This policy supports lawful and person-centred practice in line with the Mental Capacity Act 2005, the Mental Capacity Act Code of Practice, the Human Rights Act 1998, the Equality Act 2010, UK GDPR and the Data Protection Act 2018, and relevant professional standards including the Nursing and Midwifery Council Code where applicable. Where temporary workers are assigned to CQC-regulated providers, they must support the client organisation to comply with applicable requirements, including Regulation 11 of the Health and Social Care Act 2008 (Regulated Activities) Regulations 2014, which requires care and treatment to be provided only with the consent of the relevant person, unless another lawful basis applies.
2. Scope
This policy applies to:
- all temporary workers, agency workers, casual workers, zero-hours workers and staff supplied or engaged by {{org_field_name}};
- registered nurses, nursing associates, healthcare assistants, support workers and any other workers assigned to health or social care environments;
- office staff, consultants, coordinators, managers and directors involved in recruitment, placement, compliance, supervision, incident management or worker support;
- assignments in client settings, including nursing homes, residential care homes, supported living services, hospitals, clinics, community settings and other health or social care environments;
- situations where a temporary worker is asked to provide, assist with or support personal care, clinical care, medication, nutrition, hydration, mobility, observations, communication, documentation or other care-related activities under the direction of the client organisation.
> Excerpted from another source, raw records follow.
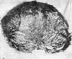 б — стадия образования мелкопетлистой артериальной сети. Видны центральная вена (в) и ветвь средней мозговой артерии (А). Артерии белые, вены черные. Инъекционный препарат. Х2Х8;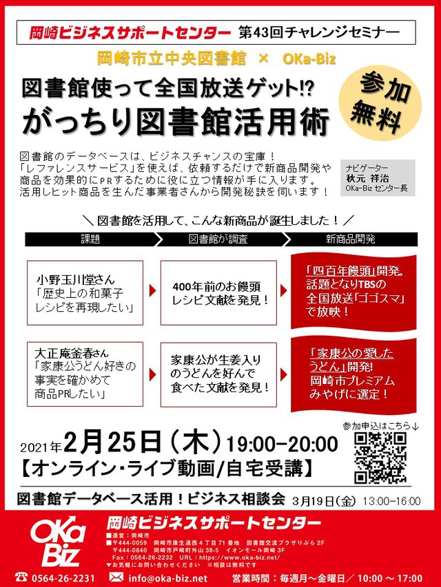 2/25(木)オカビズオンラインセミナー「図書館使って全国放送ゲット!? がっちり図書館活用術」開催!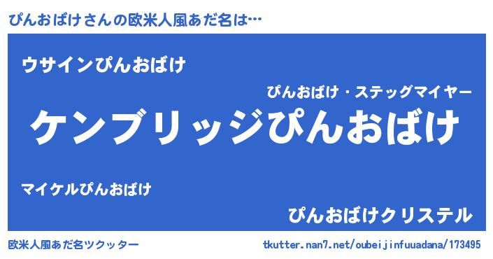 | 男性向けラノベタイトル風あだ名 | 『Re:ぴんおばけから始める異世界生活』 |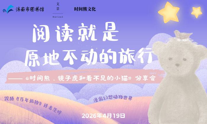 如果现实太忙碌,不如躲进幻想里喘口气。如果无法远行,那就翻开书,来一场原地不动的旅行。4月19日(星期日)14:00,济南市图书馆特邀《百年孤独》译者、北京大学副教授范晔,携其首部原创幻想文学作品《时间熊,镜子虎和看不见的小猫》,与大家分享这场特殊的“旅行”。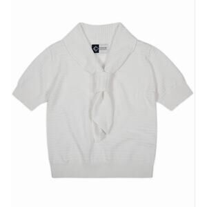 Elevate your wardrobe with this Cathcart London sailor-style blouse, crafted from a premium cotton-silk blend for a lightweight, silky feel. The ribbed knit texture adds dimension, while the statement bow tie neckline channels vintage-inspired elegance. The structured collar enhances its polished appeal, making it a perfect choice for preppy, classic, or modern styling. Pair it with high-waisted trousers or a sleek skirt for an effortlessly sophisticated look. This ivory-hued top is a timeless addition to any collection, ideal for workwear, casual outings, or elevated everyday wear.

This policy does not make {{org_field_name}} a provider of regulated care or treatment. Temporary workers must work only within their competence, role, assignment terms, professional registration, client instructions and applicable care plans.
3. Related Policies
- Safeguarding Adults and Children Policy
- Record Keeping and Confidentiality Policy
- Code of Conduct for Temporary Workers
- Complaints Policy
- Incident Reporting and Management Policy
- Equality, Diversity and Inclusion Policy
- Mental Capacity Act and Best Interests Policy
- Deprivation of Liberty Safeguards Policy, where applicable to client settings
- Medication Policy, where workers are assigned to medication-related duties
- Whistleblowing Policy
- Data Protection and Information Governance Policy
- Recruitment, Selection and Suitability Policy
- Assignment and Client Placement Policy
- Professional Boundaries Policy
4. Definition of Consent
Consent is the voluntary agreement of an individual to receive care, treatment, or intervention.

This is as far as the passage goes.